EXERCISE BRIEF = Will you write out, word for word, every line from the one with "Dystopian vision of" to the final line of the data below, with the pictures left out?

DATASET EXTRACT =
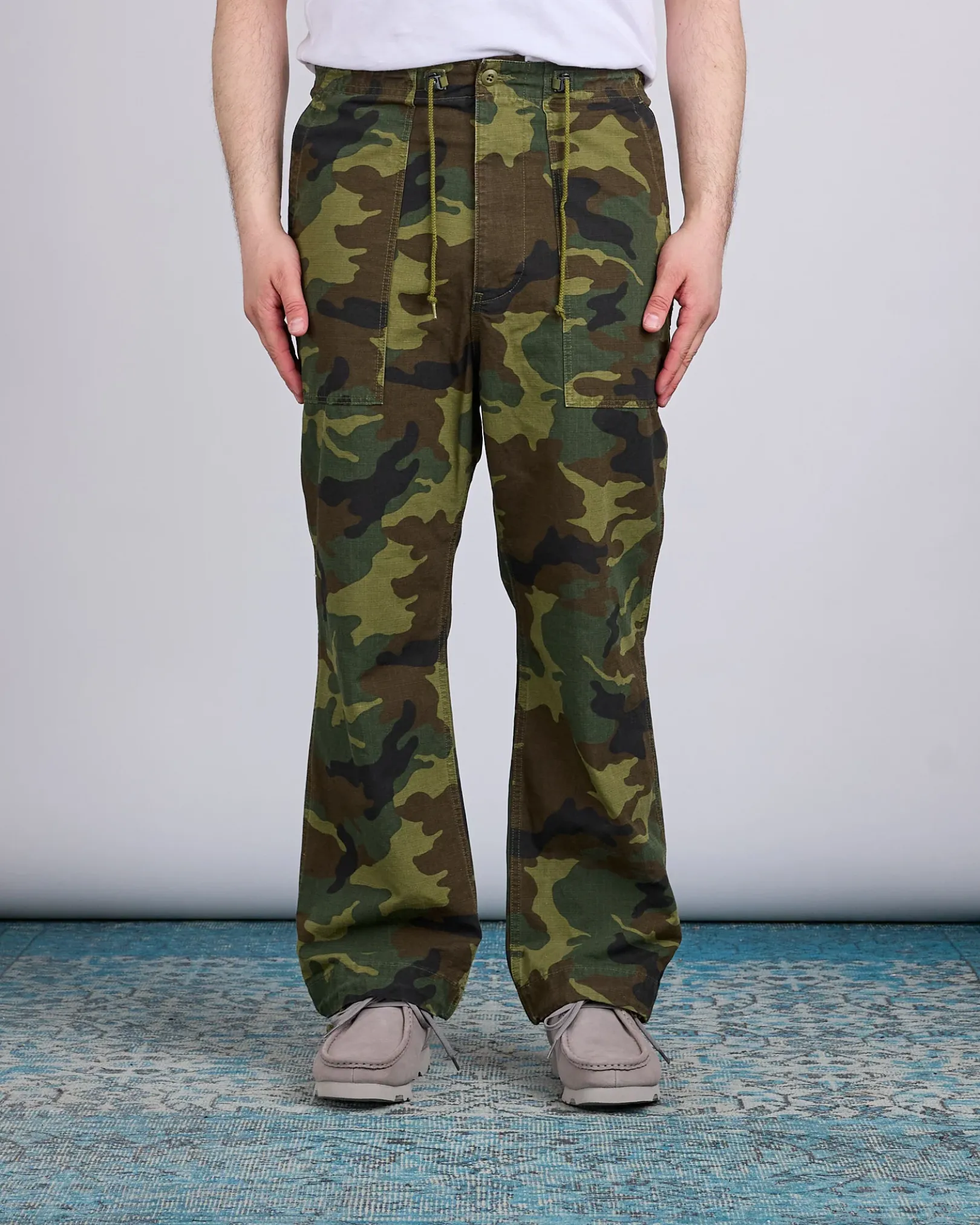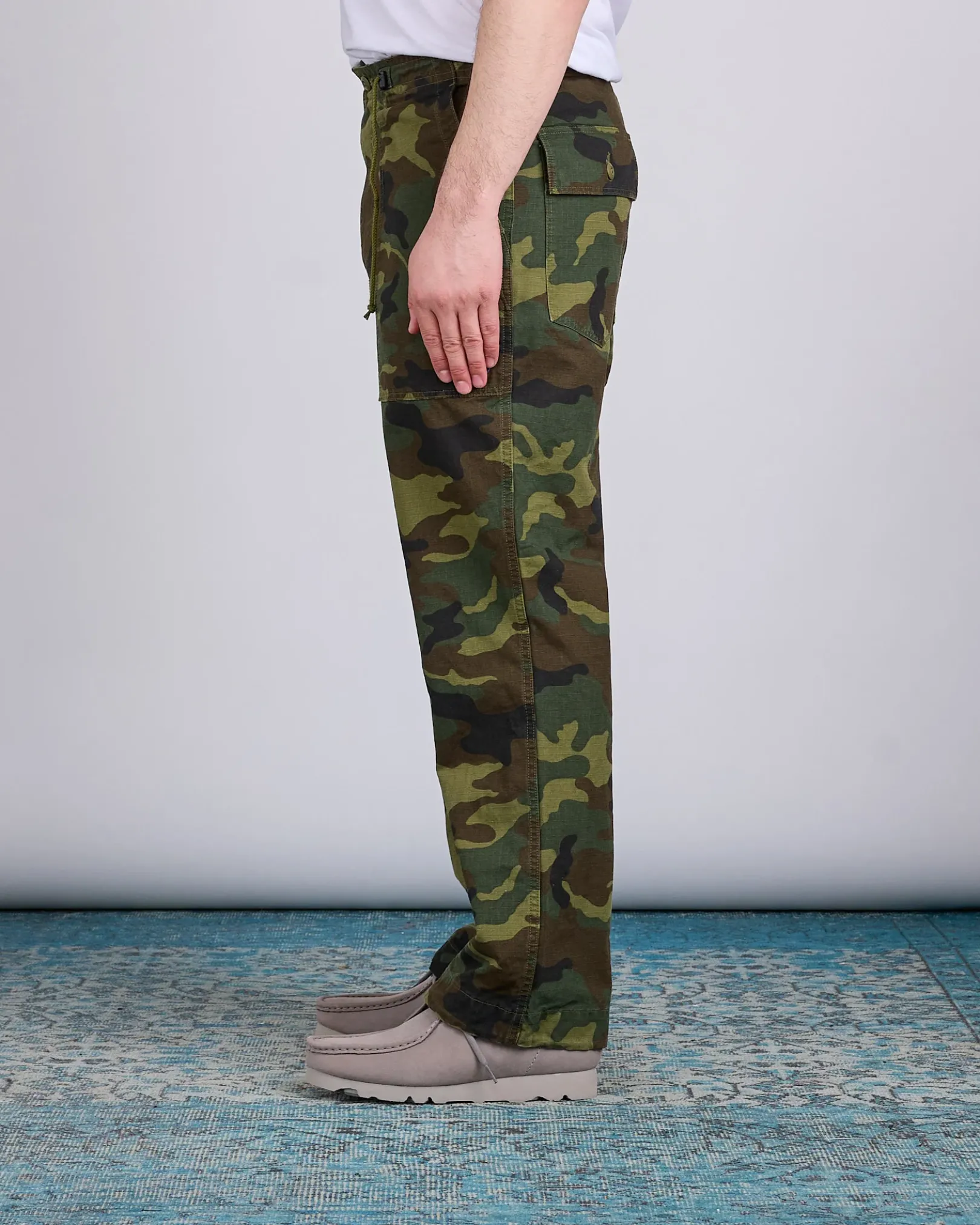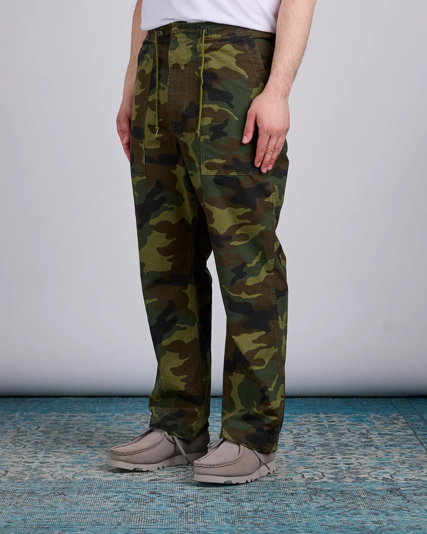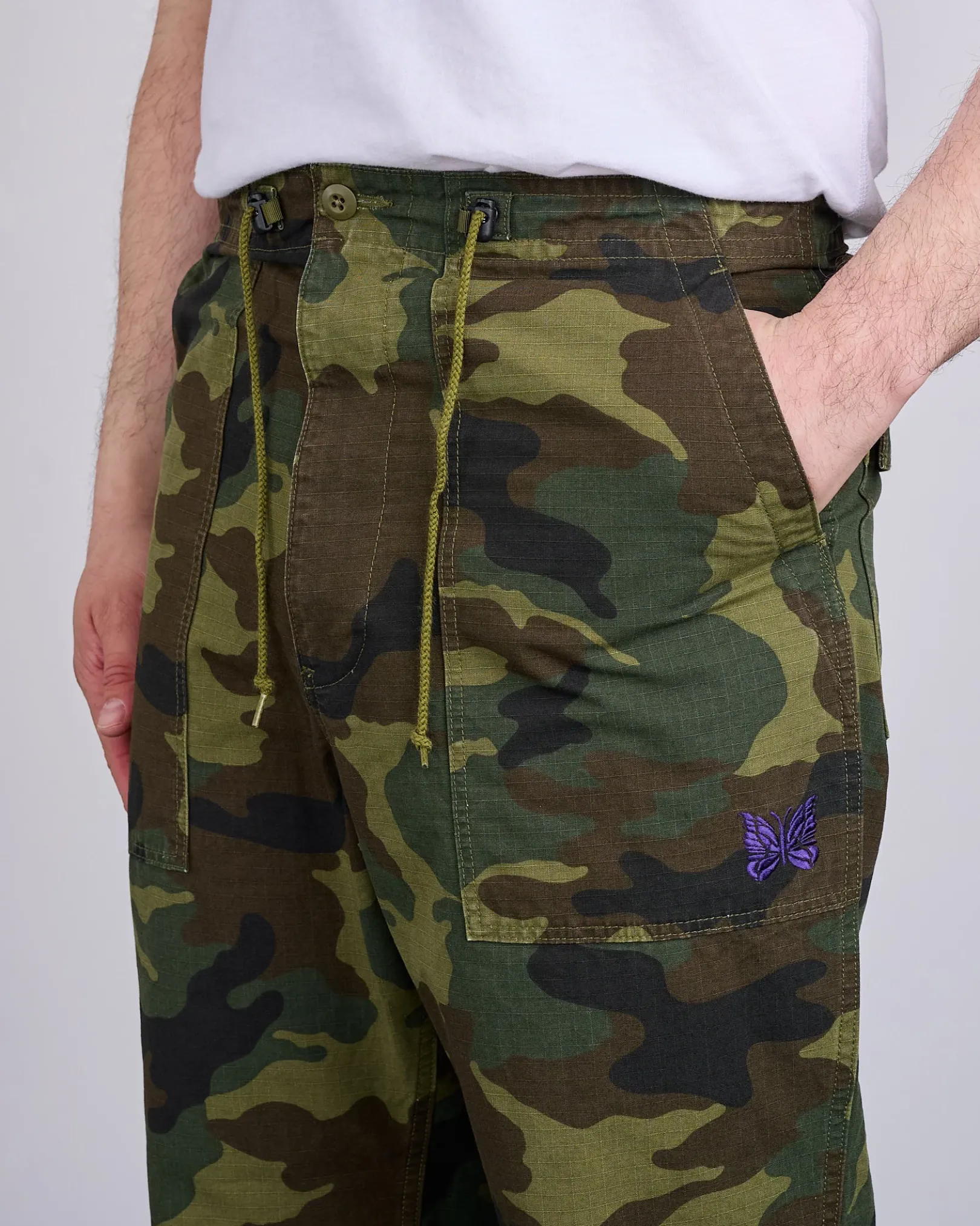 The String Fatigue Pant from Needles channels military inspiration through a fashion-forward lens, cut from durable cotton ripstop in a bold camo print. Designed with a wide-leg silhouette, these pants feature fatigue-style front pockets, buttoned back patch pockets, and an adjustable drawstring waist. A signature purple butterfly logo is embroidered at the front pocket for a subtle yet iconic finish.
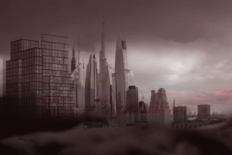 Dystopian vision of a Smog City inspired by Fritz Langs Metropolis and Architecture from Dubai, London, New York and Shanghai
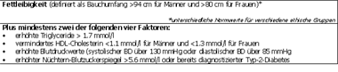 Tabelle 1: Definition des metabolischen Syndroms gemäss der internationalen Diabetesföderation, Konsensuskonferenz April 2005.

RESULT FOR THIS EXERCISE =
 Dystopian vision of a Smog City inspired by Fritz Langs Metropolis and Architecture from Dubai, London, New York and Shanghai
 Tabelle 1: Definition des metabolischen Syndroms gemäss der internationalen Diabetesföderation, Konsensuskonferenz April 2005.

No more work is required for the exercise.